8. Examples and sample code

Below is a small Scheme-style macro conceptual example (pseudo-code) to define a boxed “Note” environment. Adapt for actual TeXmacs syntax and API.

(define (insert-note title body)   ;; create a styled box with a title and body   (let ((box (make-box 'frame)))     (box-set-title box title)     (box-set-content box body)     (insert-into-document box))) 

For a real plugin, consult TeXmacs’ developer documentation and examples shipped with the source.


9. Best practices and community resources

  • Reuse and adapt existing styles and macros when possible.
  • Document parameters and provide examples.
  • Keep user-facing options discoverable (menus, toolbars).
  • Engage with the TeXmacs community for reviews and testing.
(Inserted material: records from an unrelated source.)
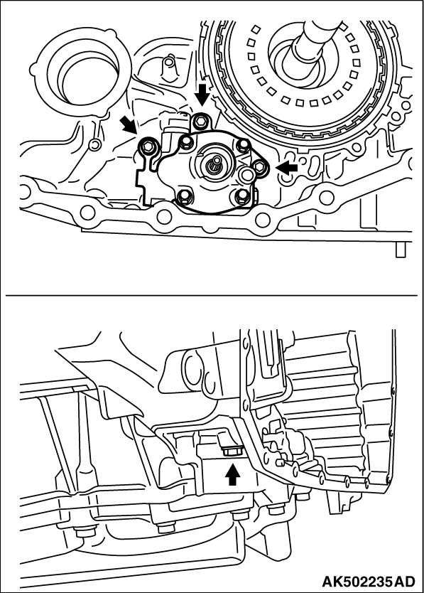 51. Remove the oil pump from the transaxle case. (One fastening bolt is installed at the backside from the transaxle case side.)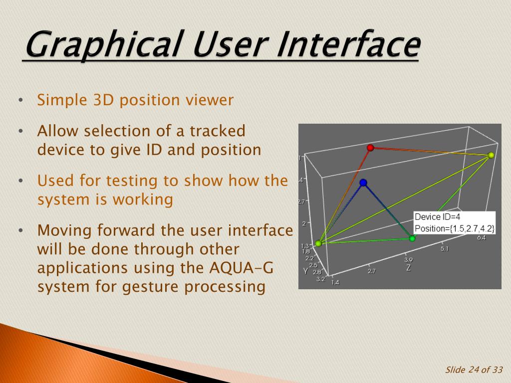 Graphical User Interface • Simple 3D position viewer • Allow selection of a tracked device to give ID and position • Used for testing to show how the system is working • Moving forward the user interface will be done through other applications using the AQUA-G system for gesture processing Slide of 33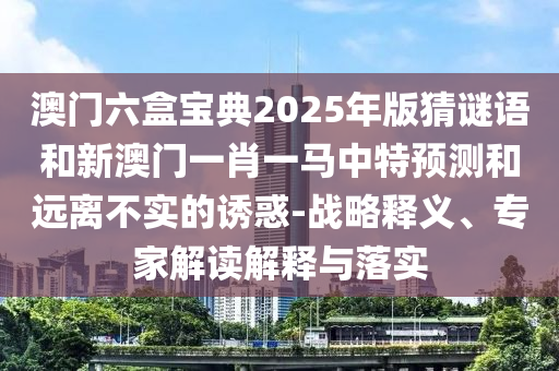 澳門六盒寶典2025年版猜謎語和新澳門一肖一馬中特預測的戰略釋義、專家解讀解釋與落實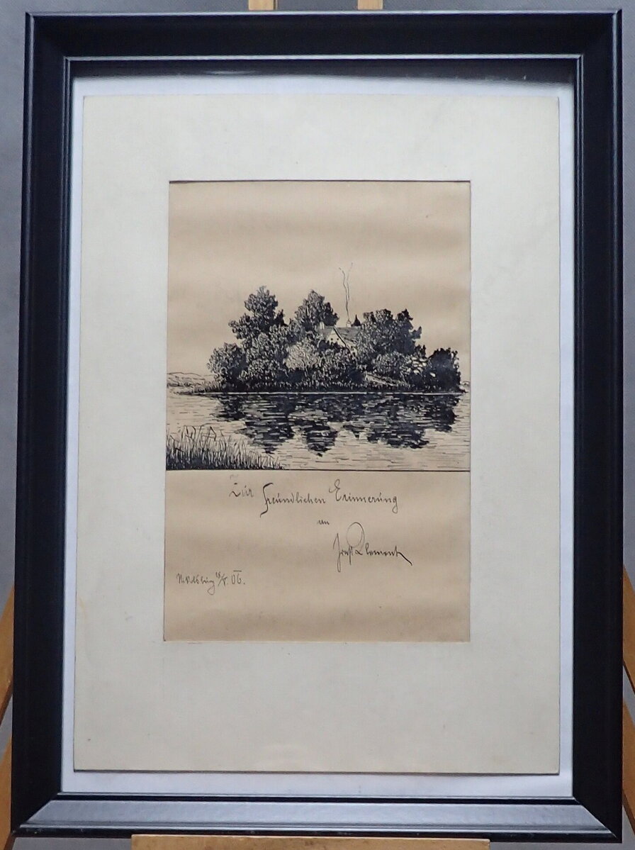 Rozměry včetně rámu cca 32 cm x 23 cm. Kresba tuší na papíře. Obraz je adjustován do nového rámu. Celkový stav - viz foto.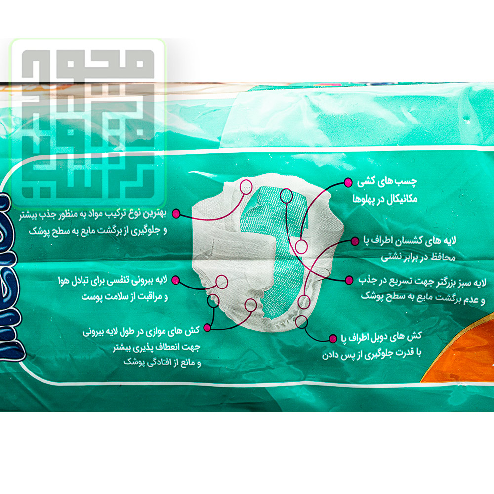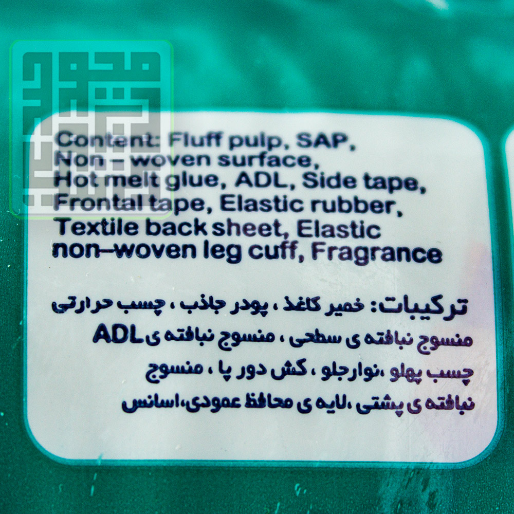 چسبهای استفاده شده در قسمت پهلو از نوع مکانیکال بوده و دارای عملکرد و چسبندگی مناسبی است. استفاده از این نوع چسب باعث افزایش امینت خاطر برای والدین عزیز شده است.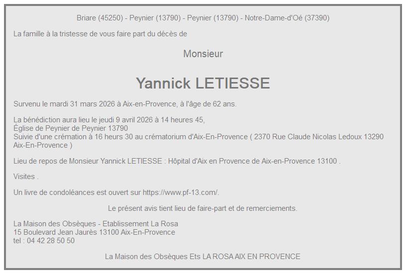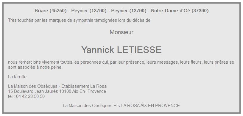 Cet espace « condoléances » est dédié à la mémoire de Monsieur Yannick LETIESSE.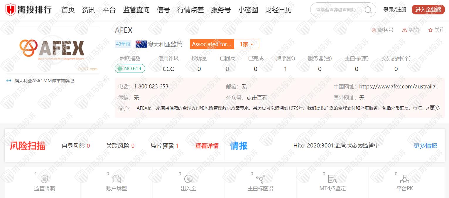 AFEX从2006年开始受澳大利亚ASIC监管,监管号码305246,风险扫描显示1条风险,投资者需注意其风险提示信息。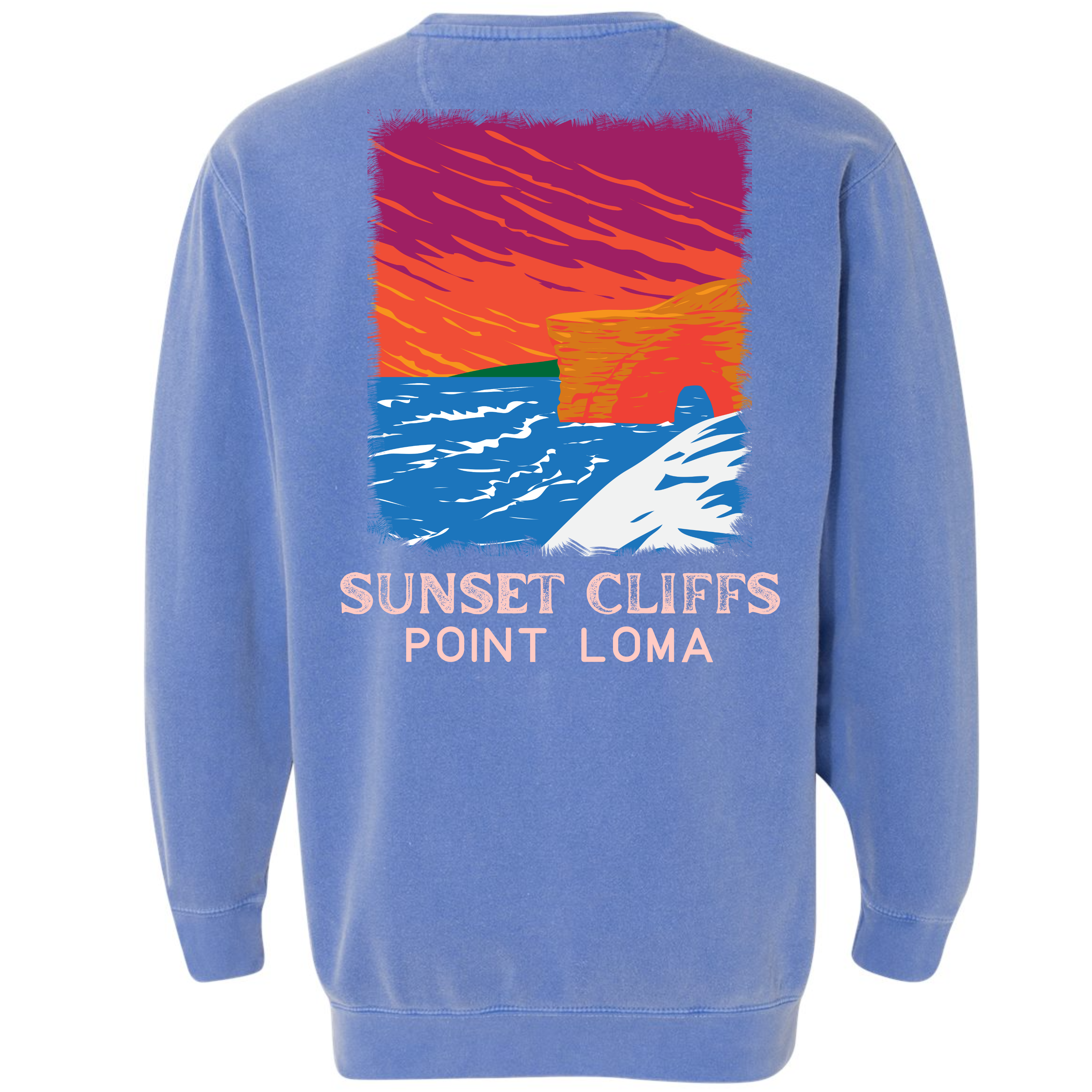 From our California Beach Collection, this Sunset Cliffs - Point Loma garment dyed crewneck sweatshirt is guaranteed to please! Our sweatshirt has an oversize / unisex fit. If you want a smaller fit, we suggest you size down since this sweatshirt is pre-shrunk due to its dye process. We guarantee it will be your favorite sweatshirt because of it's softness and comfort. Our bright "SUNSET" design is a Direct to Garment print that will last a lifetime. Make sure you check out our size chart for exact measurements to ensure your perfect fit.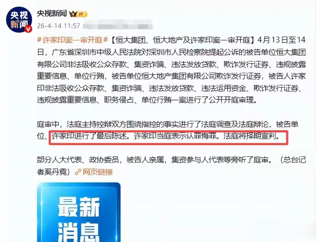 中国房地产行业曾经的风云人物许家印,最近在深圳法庭上站到了被告席。4月13日、14日这两天,深圳中院对他进行第一次公开审判。这位昔日大佬当庭认罪,还表示后悔。这场审判不仅让他个人命运悬于一线,更像一声警钟,敲响了中国房地产行业的转折点。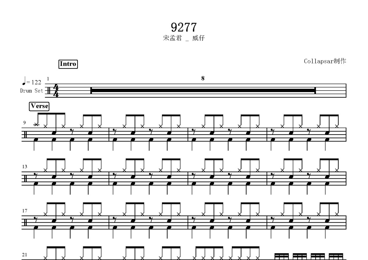 宋孟君和威仔《9277》鼓谱 - 架子鼓谱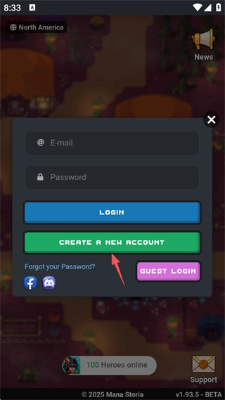 1、点击“CREAT A NEW ACCOUNT”,创建新的账号,也可以点击“GUEST LOGIN”,游客登录,可以快速进入游戏,但是无法将游玩记录保存到服务器中。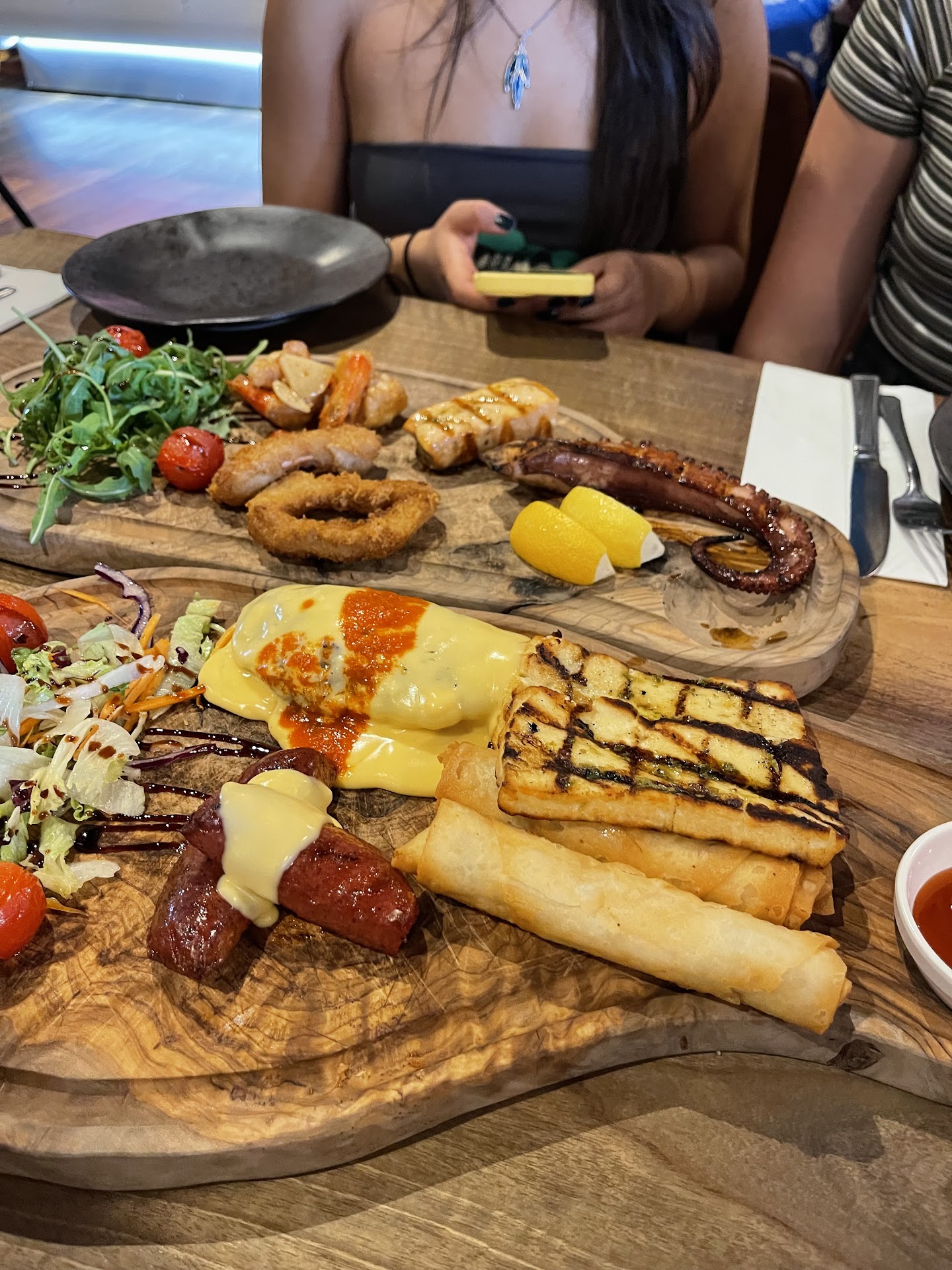 Starter: We had sharing platter for starter. With Prosecco. Starter comprised of grilled chicken, Turkish sausage, Haloumi with pesto, Filo cheese sticks with balsamic glaze seasoned salad.Perfect taster platter and well presented.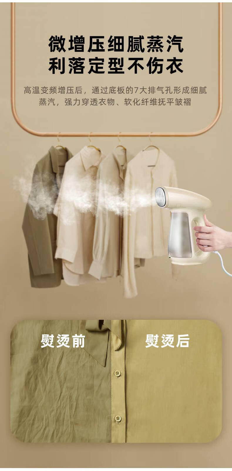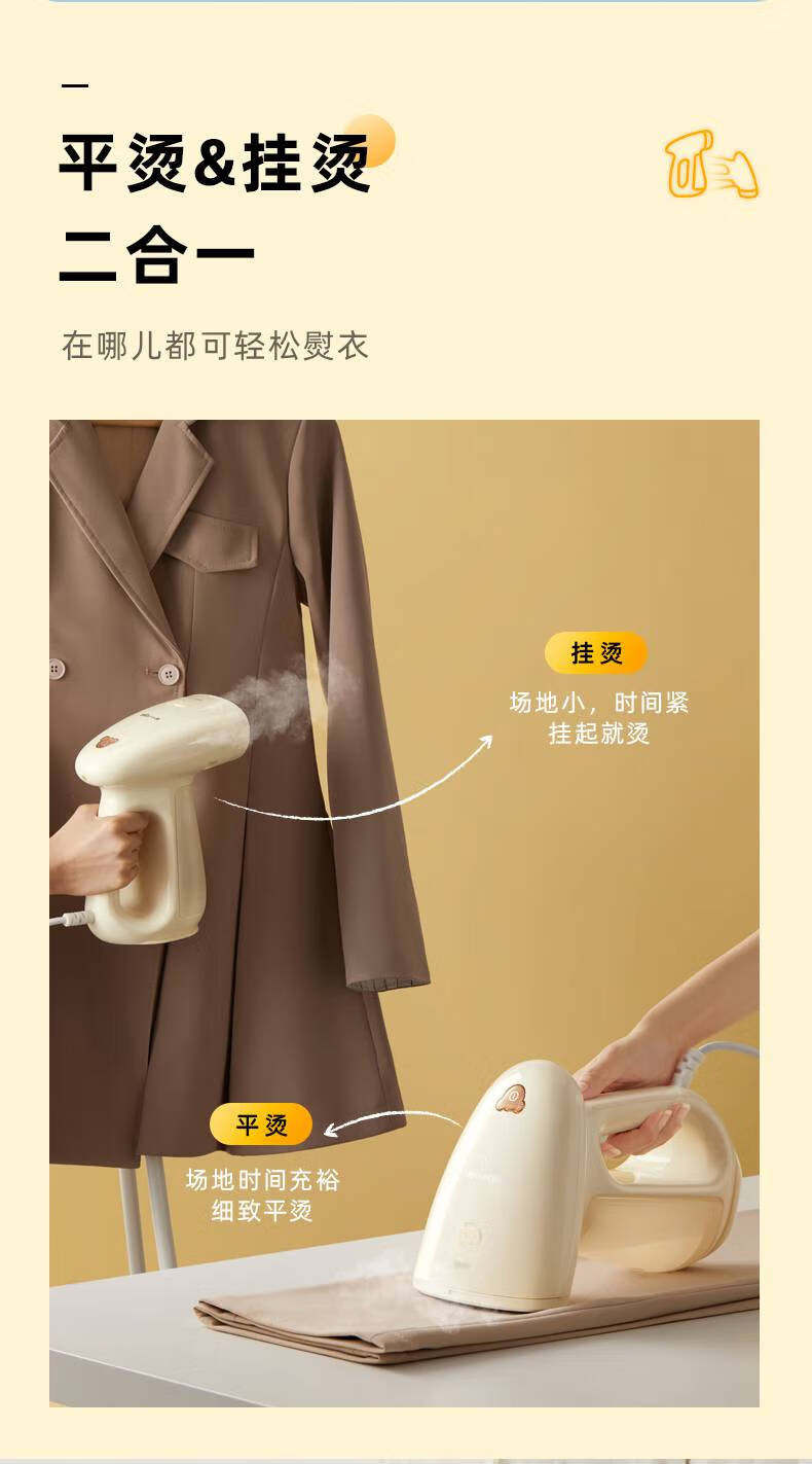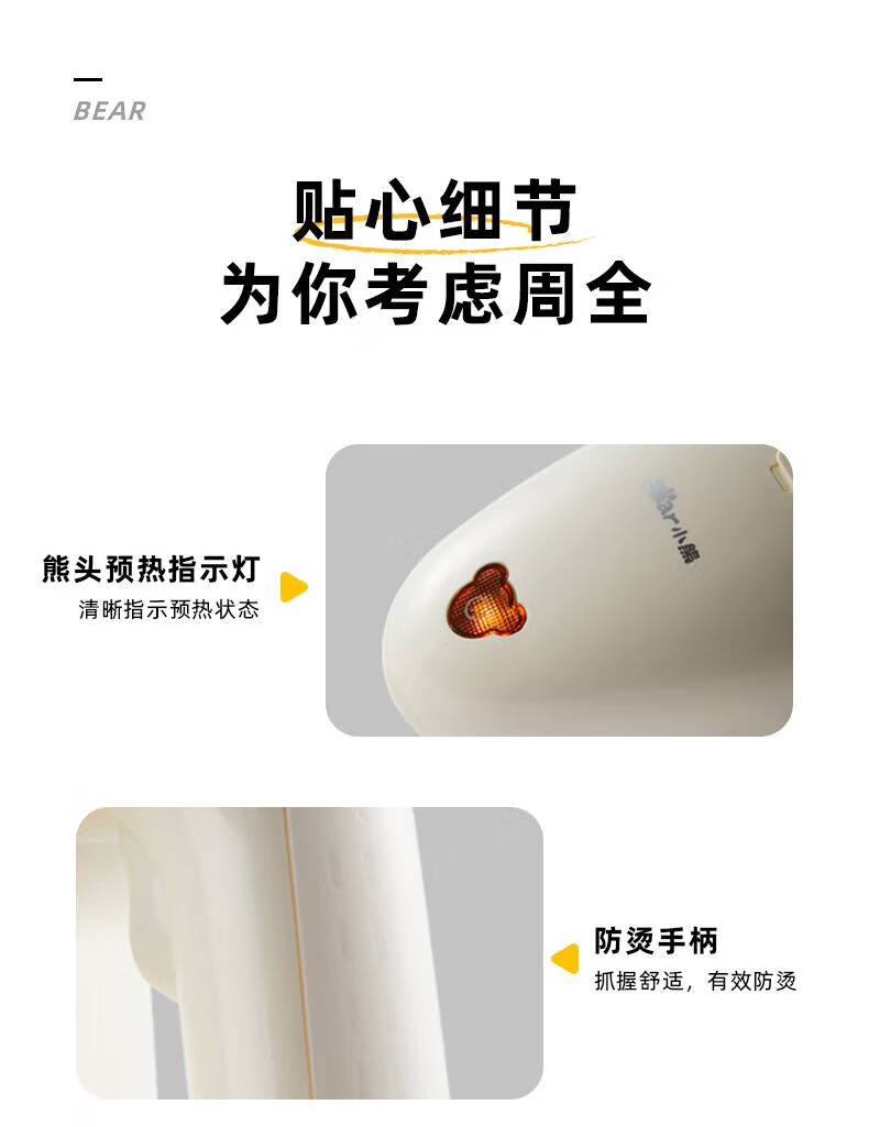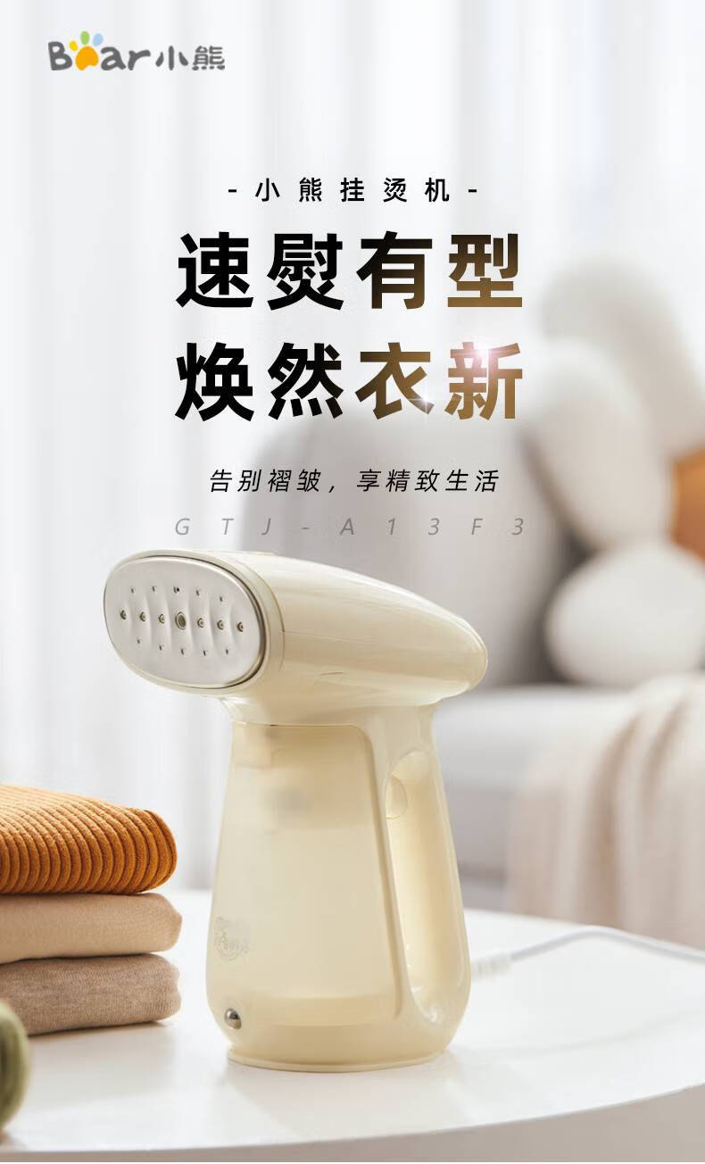 小熊(Bear)手持挂烫机家用小型便携式蒸汽电熨斗宿舍熨烫衣服神器熨烫机米黄色【GTJ-A13F2】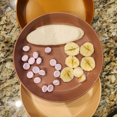 [This review was collected as part of a promotion.] These are the perfect plates for my toddler to use during mealtime. They come in fun colors and my daughter loves getting to choose which one she uses for that meal. I bought the matching bowls and the suction plates to have a full set. I love that they are BPA-free, lightweight, and easy to clean. We even tried a very oily pasta sauce, and the sauce did not stain the plate. I also love that they are from a family-run company. I received an incentive to write this review.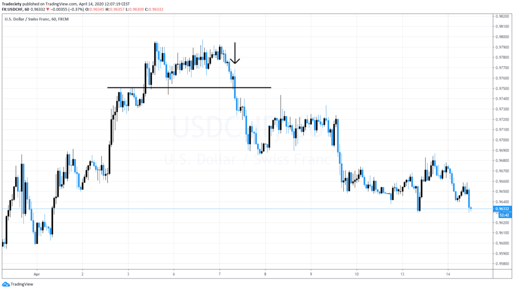 Here another example, the market is coming from an uptrend. Then from this area to this area the price just barely was able to make a higher high, which is already here, a very weak signal and you can see after we have established a top, you can see we make lower high and lower high and that here significantly lower high, which also looks a little bit like the breakout build up.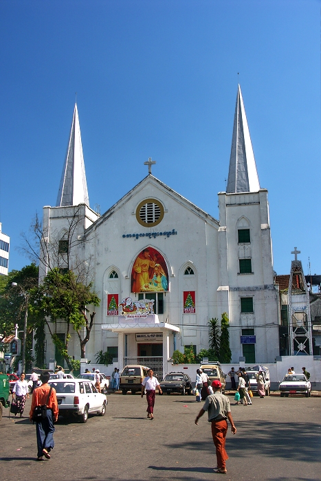 Gegenüber dem Rathaus von Rangoon liegt die Baptistenkirche mit ihren markanten Doppeltürmen ...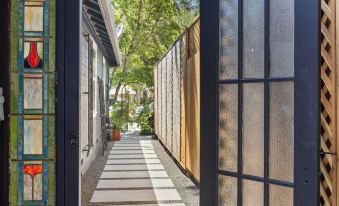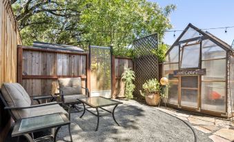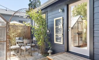 The studio is designed with guest needs in mind. Extra comfortable space filled with high end furnishings, comfy queen bed, private sun drenched yard and private entry.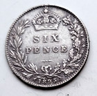 1895 Great Britain 6 Six Pence Silver .925 Coin / Queen Victoria - Very Fine +

Useful community practices:

  • Provide a small demo document.
  • Offer issues and pull requests on a public repository.
  • Tag releases and maintain changelogs.

10. Conclusion

Extending TeXmacs through plugins, macros, and custom styles allows you to build a personalized scientific publishing environment that matches your workflow. Start small—write a macro or tweak a style—then progressively add plugins or integrations as needed. With careful design and documentation, your extensions can be powerful, reusable, and shareable with the broader TeXmacs community.